(Data supplied)

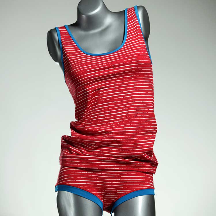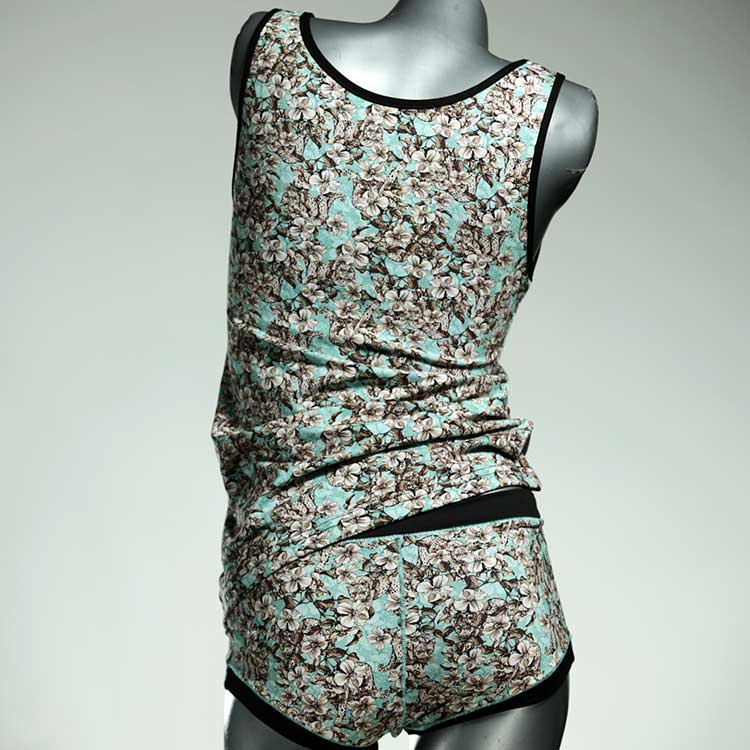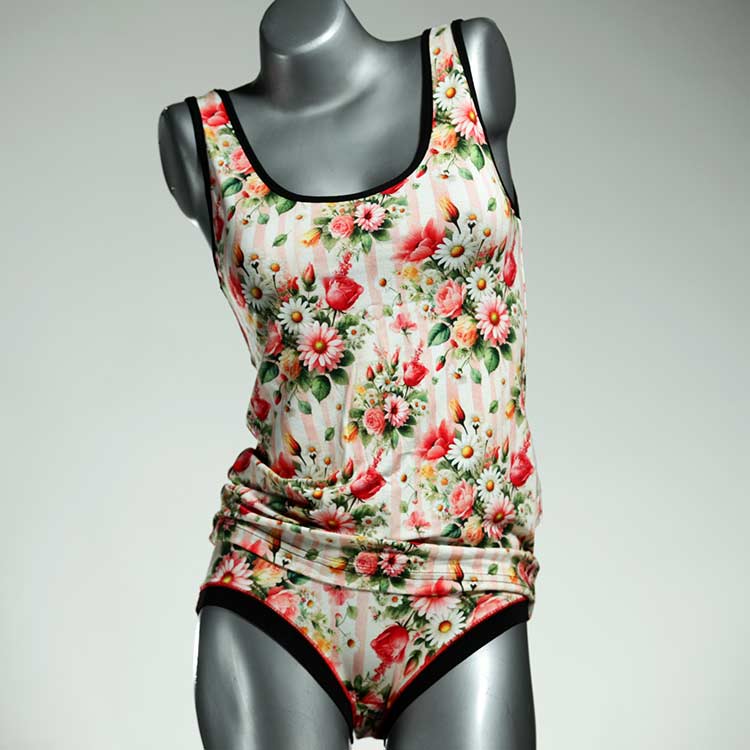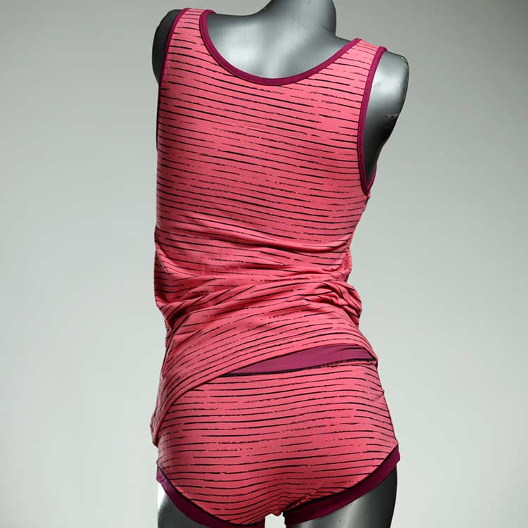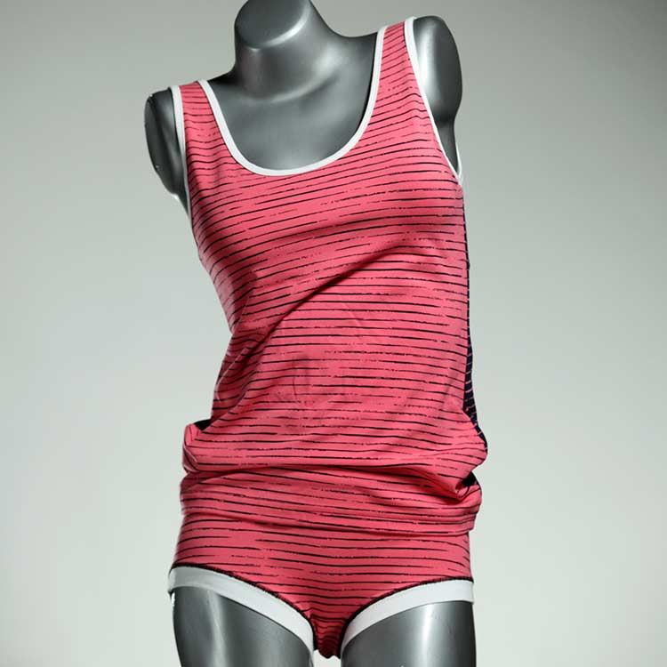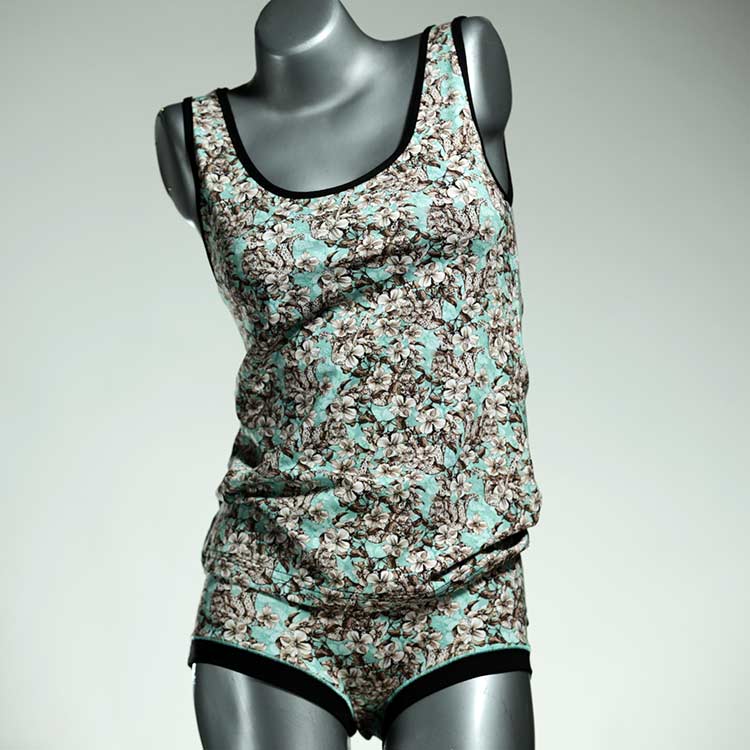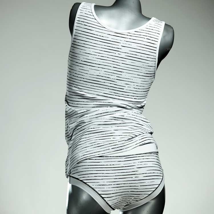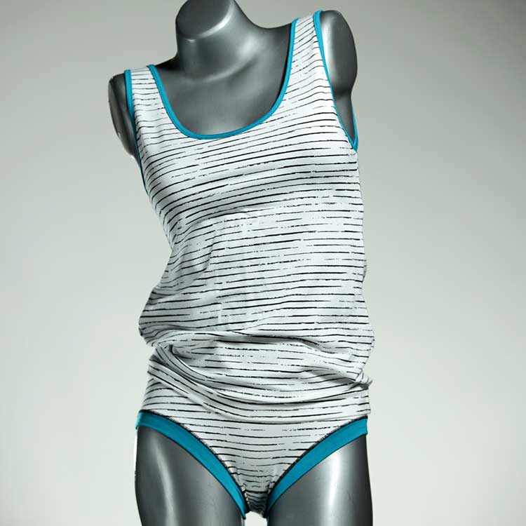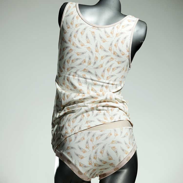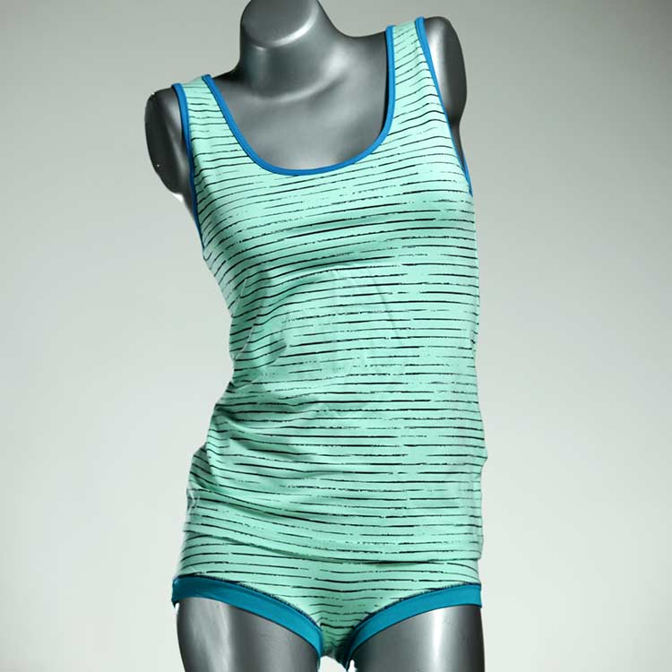 Adorable conjunto de ropa interior con la parte superior hecha de algodón elástico suave y transpirable para debajo y por encima. La parte superior está cortada a la cintura, el escote se cierra hasta la mitad. Con elástico de encaje fino o dobladillo de algodón en brazos y escote.
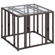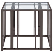 This coffee table set includes a rectangular coffee table and a matching end table, both featuring tempered glass tops and geometric bases crafted from heavy-gauge metal. The open-frame design exudes modern elegance while offering durability and functionality. Scratch-resistant materials ensure lasting quality, making the set ideal for organizing essentials or displaying decor. Its cohesive design provides a sleek, contemporary look for any living room.
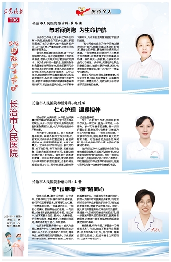 在多年的工作中,让她深刻体会到了生命的脆弱和宝贵,这些经历让她成长,也让她更加坚定的“医”路向前。作为一名神经外科护士,她始终牢记自己的初心和使命,不断提高自己的专业素养和综合能力,用爱心和专业为每一位患者带去健康和希望。
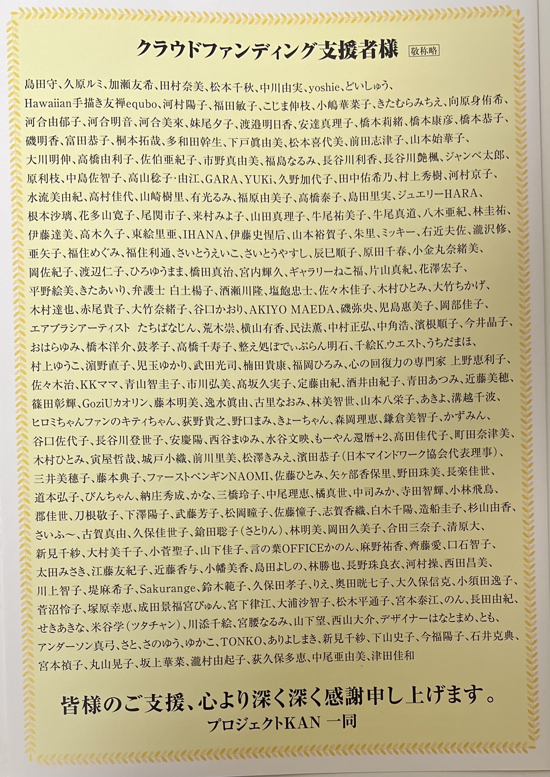 引き続きこのプロジェクトを知っていただけますよう、S N Sなどでシェアしていただけますと助かります。
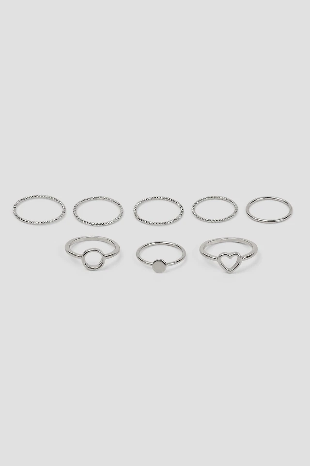 Ardene 8-Pack of Minimalist Rings in Silver | Size Small | Eco-Conscious | 100% Recycled
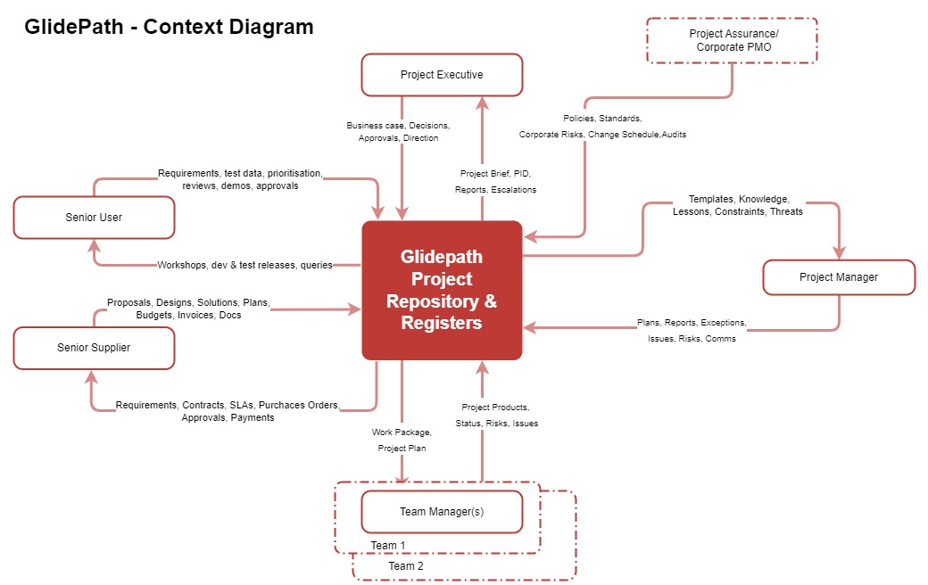 Glidepath is built around a streamlined project management approach for ICT work. It takes the backbone of PRINCE2, adds practical Agile habits, and presents everything through readable processes, guides and templates.
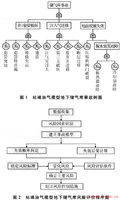 枯竭油氣藏型地下儲氣庫的安全問題至關(guān)重要,其風(fēng)險是多方面的,與儲氣庫的規(guī)劃、設(shè)計、施工、運營、維護以及檢修的各過程密切相關(guān)。因此必須從系統(tǒng)安全的角度出發(fā),在儲氣庫事故資料統(tǒng)計分析的基礎(chǔ)上,借鑒輸氣管道風(fēng)險評價方法,結(jié)合儲氣庫特點對系統(tǒng)中潛在風(fēng)險因素進行初步分類,將其劃分為12大類、33小類,并建立事故樹進行主要風(fēng)險因素識別,進一步利用事故模型判斷系統(tǒng)發(fā)生事故的可能性及其危害程度,確定其風(fēng)險大小,建立相應(yīng)的風(fēng)險評價程序,為制訂風(fēng)險防范措施和安全管理決策提供科學(xué)依據(jù)。
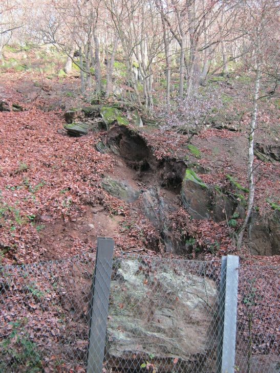 Mit welcher Wucht der Fels ins Tal gerauscht ist, sieht man an den Ausbuchtungen im Zaun. „Der Einschlag muss gewaltig gewesen sein“, sagt Guido Schmitz, zuständiger Abteilungsleiter der Kreisverwaltung Euskirchen. Wegeausbau und Felssicherung entlang der K7 sind in den Jahren 2006 und 2007 ausgeführt worden. An der etwa neun Kilometer langen Passage des Uferweges war es im Vorfeld immer wieder zu Steinschlägen und Felsstürzen gekommen. Zum Schutz von Wanderern und Fahrradfahrern ist daraufhin ein Sicherungskonzept erarbeitet worden.
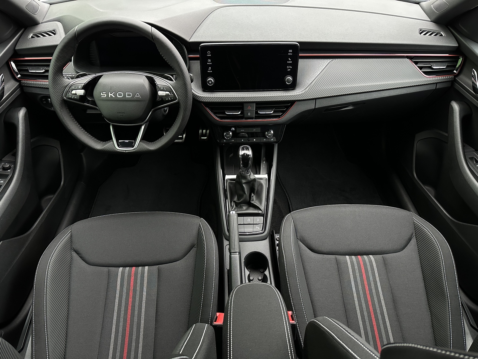 49/11180 Škoda Kamiq Monte Carlo 1.0TSi DSG 85kW/116PS, 7st. Automatická převodovka DSG, Tovární záruka Škoda Auto 5let/100.000km, Výbava vozu: Paket Asistovaná jízda 1.5 PLUS - (Adaptivní tempomat - ACC, Lane Assist Plus - Adaptivní vedení v jízdním pruhu, Side Assist - asistent varování mrtvého úhlu), Dvojitá podlaha zavazadlového prostoru, Kola z lehkých slitin ALU Škoda "URSA" 7Jx18" Černá/Leštěná, Vyhřívané čelní sklo, Matrix-LED přední světlomety, Panoramatická střecha, Interiér – sportovní Monte Carlo s černou stropnicí, Černě lakované doplňky karoserie, LED zadní světla s animovanými směrovkami, Vyhřívaný sportovní multifunkční kožený volant – pro DSG s pádly pod volantem, Sportovní kryty pedálů, Dekorativní prahové lišty, KESSY – bezklíčové odemykání a startování, Volba jízdních režimů, Zadní parkovací kamera, Parkovací senzory vpředu a vzadu – PDC, Mlhové světlomety, Elektricky sklopná vnější zrcátka s automatickým stmíváním, 2x USB-C vzadu, Dešťový senzor, Světelný senzor, Vnitřní zpětné zrcátko s automatickým stmíváním, Bezdrátové nabíjení pro Smartphone, Zadní loketní opěrka, Loketní opěrka s Jumbo Boxem vpředu, Dvouzónová automatická klimatizace Climatronic, Vyhřívaná přední sedadla, Bederní opěrky na předních sedadlech, Výškově nastavitelná sedadla řidiče a spolujezdce, Kožená hlavice řadicí páky a madlo ruční brzdy, Elektrické ovládání oken vpředu i vzadu, 12V zásuvka vpředu a vzadu, 2x USB-C, 8 reproduktorů, Bluetooth, DAB, Bezdrátový Smartlink - zrcadlení aplikací z mobilního telefonu na Infotainment vozu, Front Assist – varování a brzdění při hrozící kolizi s vozidly, chodci a cyklisty, Rozpoznávání dopravních značek, Upozornění na únavu řidiče, Asistent rozjezdu do kopce, Virtual Cockpit, 6x airbag, 3x Isofix a Top Tether, Deaktivace airbagu spolujezdce, Nouzové volání SOS - eCall, Potah sedadel – látka, Sunset – zatmavená zadní okna, Nový vůz s registrací, Servisní kniha + dokumentace Škoda Auto, Možnost odpočtu DPH 21%, Termín odběru a předání od 15.4.2026.
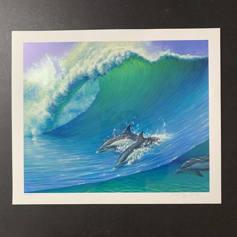 Charles Lynn Bragg's "Surfing Dolphins" limited edition print, signed lower right and numbered 197/900 lower left. This piece is of two dolphins 'riding a wave', with another dolphin in the water, and a seagul flying above. This piece is in excellent condition.
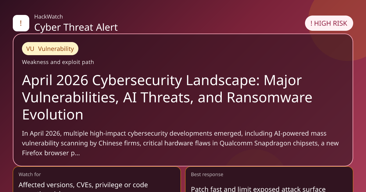 In April 2026, multiple high-impact cybersecurity developments emerged, including AI-powered mass vulnerability scanning by Chinese firms, critical hardware flaws in Qualcomm Snapdragon chipsets, a new Firefox browser privacy exploit, and the rise of the ransomware group The Gentlemen. This article consolidates verified reports from Red Hot Cyber and Bloomberg to provide a comprehensive overview of these threats, who is affected, and actionable steps to protect yourself and your organization.
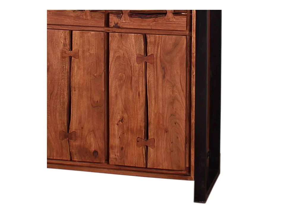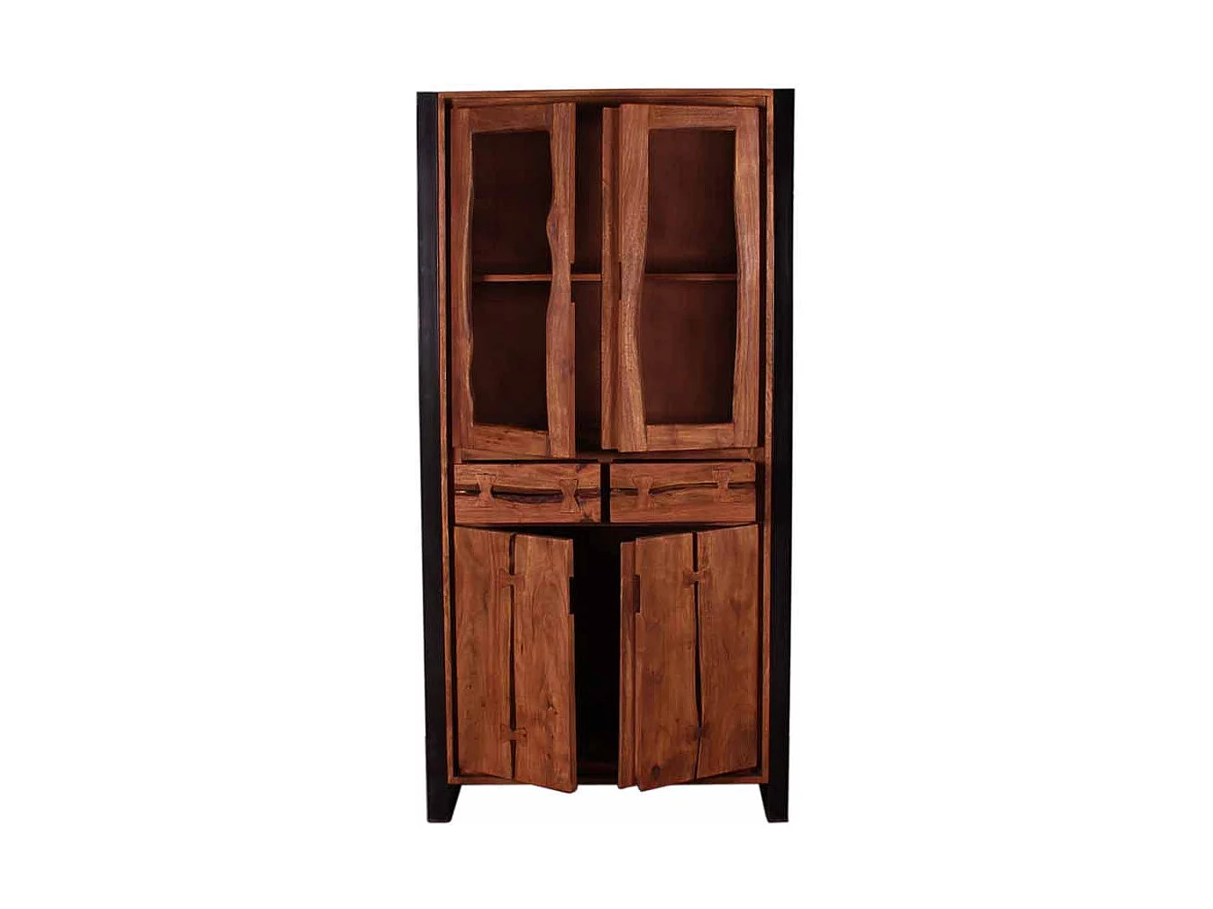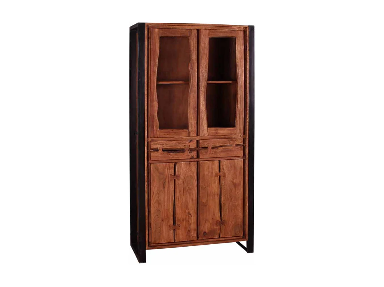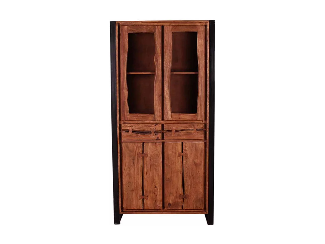 Vitrinenschrank aus Akazie Massivholz Schwarz Metall

(End Data supplied)

■ Task objective ■
Each line of the data must be restated exactly, and the pictures must be left out.

■ Solution ■
 Adorable conjunto de ropa interior con la parte superior hecha de algodón elástico suave y transpirable para debajo y por encima. La parte superior está cortada a la cintura, el escote se cierra hasta la mitad. Con elástico de encaje fino o dobladillo de algodón en brazos y escote.
 This coffee table set includes a rectangular coffee table and a matching end table, both featuring tempered glass tops and geometric bases crafted from heavy-gauge metal. The open-frame design exudes modern elegance while offering durability and functionality. Scratch-resistant materials ensure lasting quality, making the set ideal for organizing essentials or displaying decor. Its cohesive design provides a sleek, contemporary look for any living room.
 在多年的工作中,让她深刻体会到了生命的脆弱和宝贵,这些经历让她成长,也让她更加坚定的“医”路向前。作为一名神经外科护士,她始终牢记自己的初心和使命,不断提高自己的专业素养和综合能力,用爱心和专业为每一位患者带去健康和希望。
 引き続きこのプロジェクトを知っていただけますよう、S N Sなどでシェアしていただけますと助かります。
 Ardene 8-Pack of Minimalist Rings in Silver | Size Small | Eco-Conscious | 100% Recycled
 Glidepath is built around a streamlined project management approach for ICT work. It takes the backbone of PRINCE2, adds practical Agile habits, and presents everything through readable processes, guides and templates.
 枯竭油氣藏型地下儲氣庫的安全問題至關(guān)重要,其風(fēng)險是多方面的,與儲氣庫的規(guī)劃、設(shè)計、施工、運營、維護以及檢修的各過程密切相關(guān)。因此必須從系統(tǒng)安全的角度出發(fā),在儲氣庫事故資料統(tǒng)計分析的基礎(chǔ)上,借鑒輸氣管道風(fēng)險評價方法,結(jié)合儲氣庫特點對系統(tǒng)中潛在風(fēng)險因素進行初步分類,將其劃分為12大類、33小類,并建立事故樹進行主要風(fēng)險因素識別,進一步利用事故模型判斷系統(tǒng)發(fā)生事故的可能性及其危害程度,確定其風(fēng)險大小,建立相應(yīng)的風(fēng)險評價程序,為制訂風(fēng)險防范措施和安全管理決策提供科學(xué)依據(jù)。
 Mit welcher Wucht der Fels ins Tal gerauscht ist, sieht man an den Ausbuchtungen im Zaun. „Der Einschlag muss gewaltig gewesen sein“, sagt Guido Schmitz, zuständiger Abteilungsleiter der Kreisverwaltung Euskirchen. Wegeausbau und Felssicherung entlang der K7 sind in den Jahren 2006 und 2007 ausgeführt worden. An der etwa neun Kilometer langen Passage des Uferweges war es im Vorfeld immer wieder zu Steinschlägen und Felsstürzen gekommen. Zum Schutz von Wanderern und Fahrradfahrern ist daraufhin ein Sicherungskonzept erarbeitet worden.
 49/11180 Škoda Kamiq Monte Carlo 1.0TSi DSG 85kW/116PS, 7st. Automatická převodovka DSG, Tovární záruka Škoda Auto 5let/100.000km, Výbava vozu: Paket Asistovaná jízda 1.5 PLUS - (Adaptivní tempomat - ACC, Lane Assist Plus - Adaptivní vedení v jízdním pruhu, Side Assist - asistent varování mrtvého úhlu), Dvojitá podlaha zavazadlového prostoru, Kola z lehkých slitin ALU Škoda "URSA" 7Jx18" Černá/Leštěná, Vyhřívané čelní sklo, Matrix-LED přední světlomety, Panoramatická střecha, Interiér – sportovní Monte Carlo s černou stropnicí, Černě lakované doplňky karoserie, LED zadní světla s animovanými směrovkami, Vyhřívaný sportovní multifunkční kožený volant – pro DSG s pádly pod volantem, Sportovní kryty pedálů, Dekorativní prahové lišty, KESSY – bezklíčové odemykání a startování, Volba jízdních režimů, Zadní parkovací kamera, Parkovací senzory vpředu a vzadu – PDC, Mlhové světlomety, Elektricky sklopná vnější zrcátka s automatickým stmíváním, 2x USB-C vzadu, Dešťový senzor, Světelný senzor, Vnitřní zpětné zrcátko s automatickým stmíváním, Bezdrátové nabíjení pro Smartphone, Zadní loketní opěrka, Loketní opěrka s Jumbo Boxem vpředu, Dvouzónová automatická klimatizace Climatronic, Vyhřívaná přední sedadla, Bederní opěrky na předních sedadlech, Výškově nastavitelná sedadla řidiče a spolujezdce, Kožená hlavice řadicí páky a madlo ruční brzdy, Elektrické ovládání oken vpředu i vzadu, 12V zásuvka vpředu a vzadu, 2x USB-C, 8 reproduktorů, Bluetooth, DAB, Bezdrátový Smartlink - zrcadlení aplikací z mobilního telefonu na Infotainment vozu, Front Assist – varování a brzdění při hrozící kolizi s vozidly, chodci a cyklisty, Rozpoznávání dopravních značek, Upozornění na únavu řidiče, Asistent rozjezdu do kopce, Virtual Cockpit, 6x airbag, 3x Isofix a Top Tether, Deaktivace airbagu spolujezdce, Nouzové volání SOS - eCall, Potah sedadel – látka, Sunset – zatmavená zadní okna, Nový vůz s registrací, Servisní kniha + dokumentace Škoda Auto, Možnost odpočtu DPH 21%, Termín odběru a předání od 15.4.2026.
 Charles Lynn Bragg's "Surfing Dolphins" limited edition print, signed lower right and numbered 197/900 lower left. This piece is of two dolphins 'riding a wave', with another dolphin in the water, and a seagul flying above. This piece is in excellent condition.
 In April 2026, multiple high-impact cybersecurity developments emerged, including AI-powered mass vulnerability scanning by Chinese firms, critical hardware flaws in Qualcomm Snapdragon chipsets, a new Firefox browser privacy exploit, and the rise of the ransomware group The Gentlemen. This article consolidates verified reports from Red Hot Cyber and Bloomberg to provide a comprehensive overview of these threats, who is affected, and actionable steps to protect yourself and your organization.
 Vitrinenschrank aus Akazie Massivholz Schwarz Metall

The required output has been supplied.